RECORDS SUPPLIED.
------------------------------

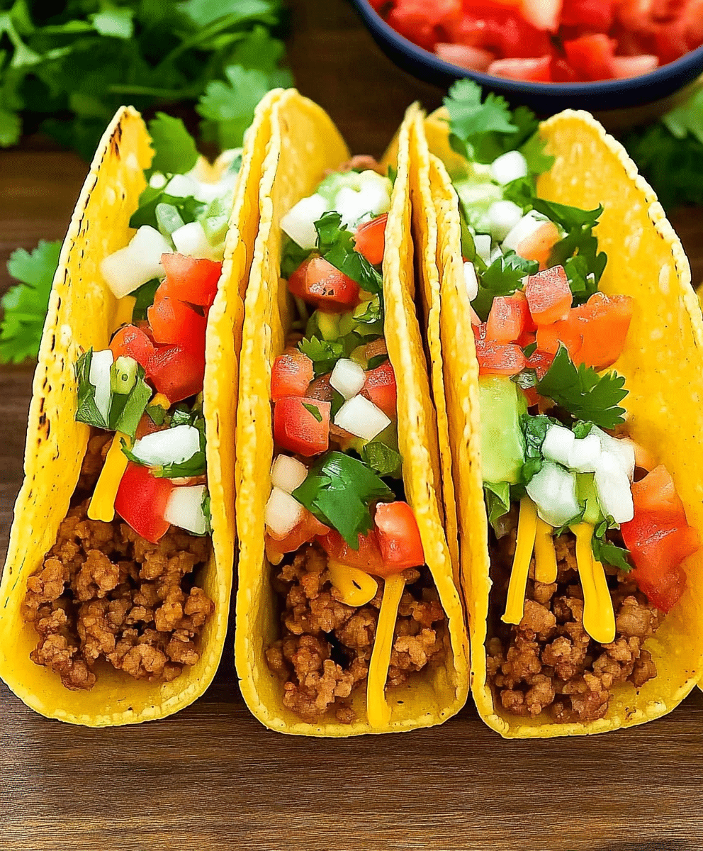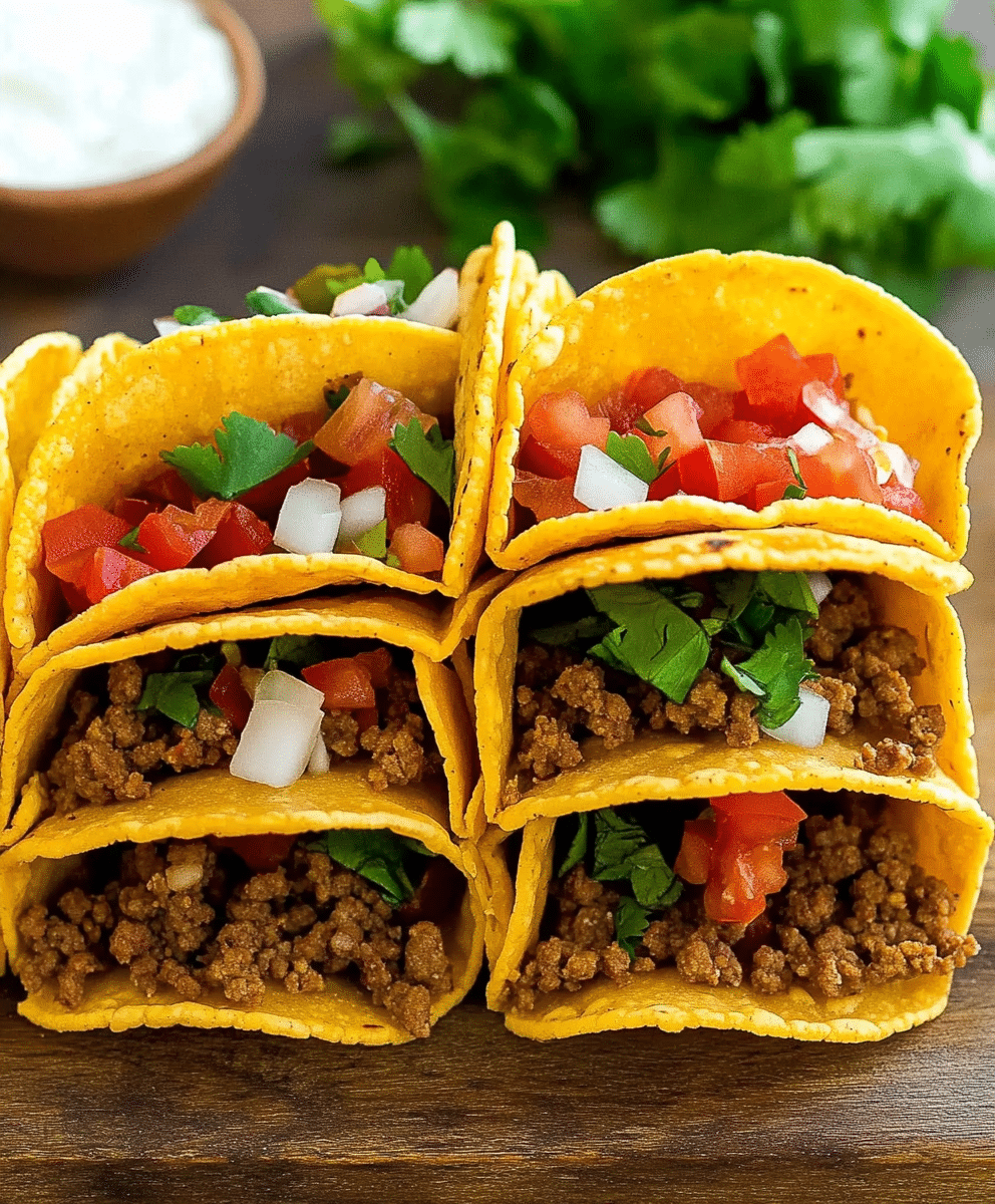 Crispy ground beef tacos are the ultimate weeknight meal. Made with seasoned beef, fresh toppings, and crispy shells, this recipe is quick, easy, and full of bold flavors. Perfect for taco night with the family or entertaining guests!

------------------------------

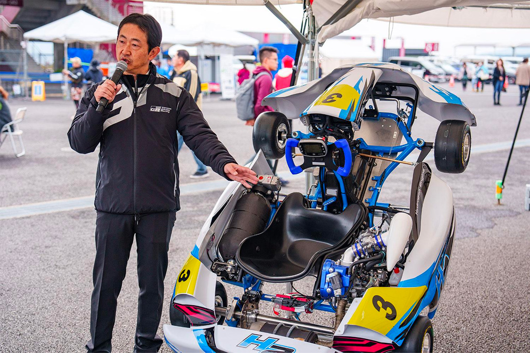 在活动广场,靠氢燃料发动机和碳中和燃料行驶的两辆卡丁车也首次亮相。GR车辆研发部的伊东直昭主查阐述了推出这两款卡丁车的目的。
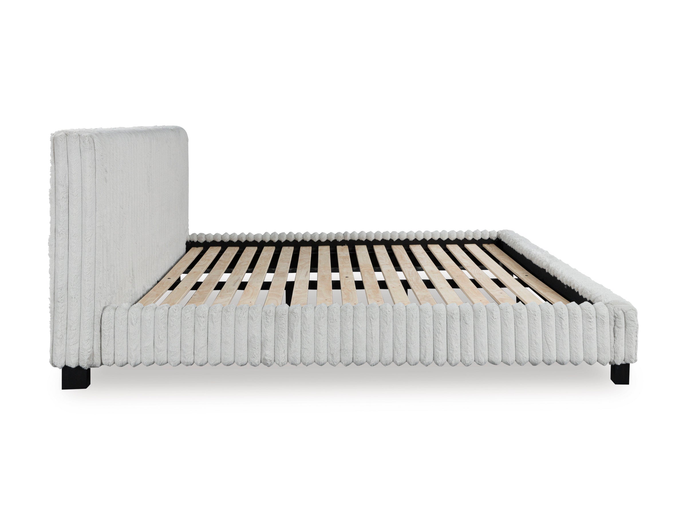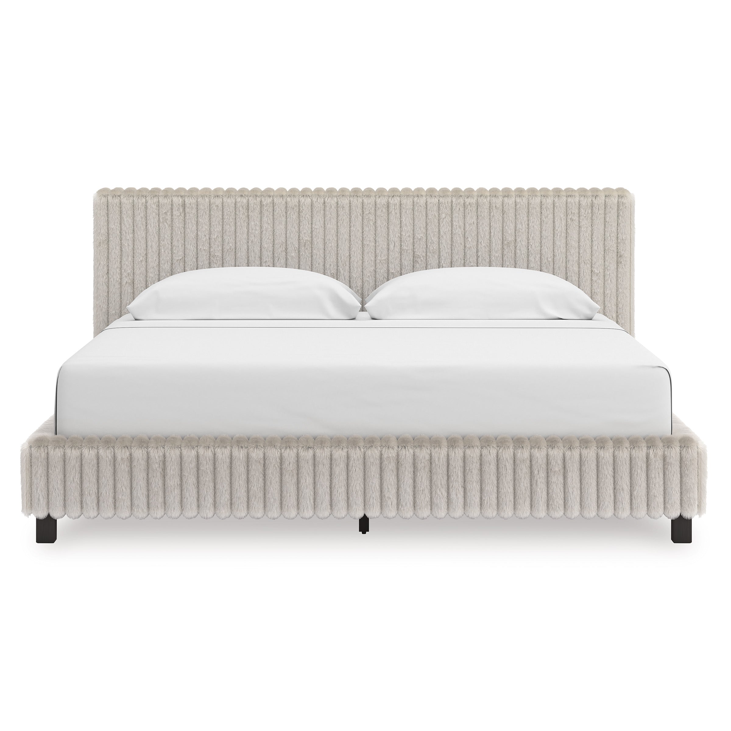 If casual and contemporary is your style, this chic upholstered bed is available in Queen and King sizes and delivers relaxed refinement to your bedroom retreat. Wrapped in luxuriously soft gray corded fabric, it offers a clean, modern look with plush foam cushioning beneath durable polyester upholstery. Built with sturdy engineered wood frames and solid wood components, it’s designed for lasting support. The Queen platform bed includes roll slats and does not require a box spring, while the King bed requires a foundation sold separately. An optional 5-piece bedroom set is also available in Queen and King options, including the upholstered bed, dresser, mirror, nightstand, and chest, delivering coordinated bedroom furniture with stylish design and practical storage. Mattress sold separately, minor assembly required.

------------------------------

Using the entries above, reproduce word for word only the lines from the one that contains "在活动广场,靠氢燃料发动机和" to the one that contains "If casual and", both ends included, and drop every picture.

 在活动广场,靠氢燃料发动机和碳中和燃料行驶的两辆卡丁车也首次亮相。GR车辆研发部的伊东直昭主查阐述了推出这两款卡丁车的目的。
 If casual and contemporary is your style, this chic upholstered bed is available in Queen and King sizes and delivers relaxed refinement to your bedroom retreat. Wrapped in luxuriously soft gray corded fabric, it offers a clean, modern look with plush foam cushioning beneath durable polyester upholstery. Built with sturdy engineered wood frames and solid wood components, it’s designed for lasting support. The Queen platform bed includes roll slats and does not require a box spring, while the King bed requires a foundation sold separately. An optional 5-piece bedroom set is also available in Queen and King options, including the upholstered bed, dresser, mirror, nightstand, and chest, delivering coordinated bedroom furniture with stylish design and practical storage. Mattress sold separately, minor assembly required.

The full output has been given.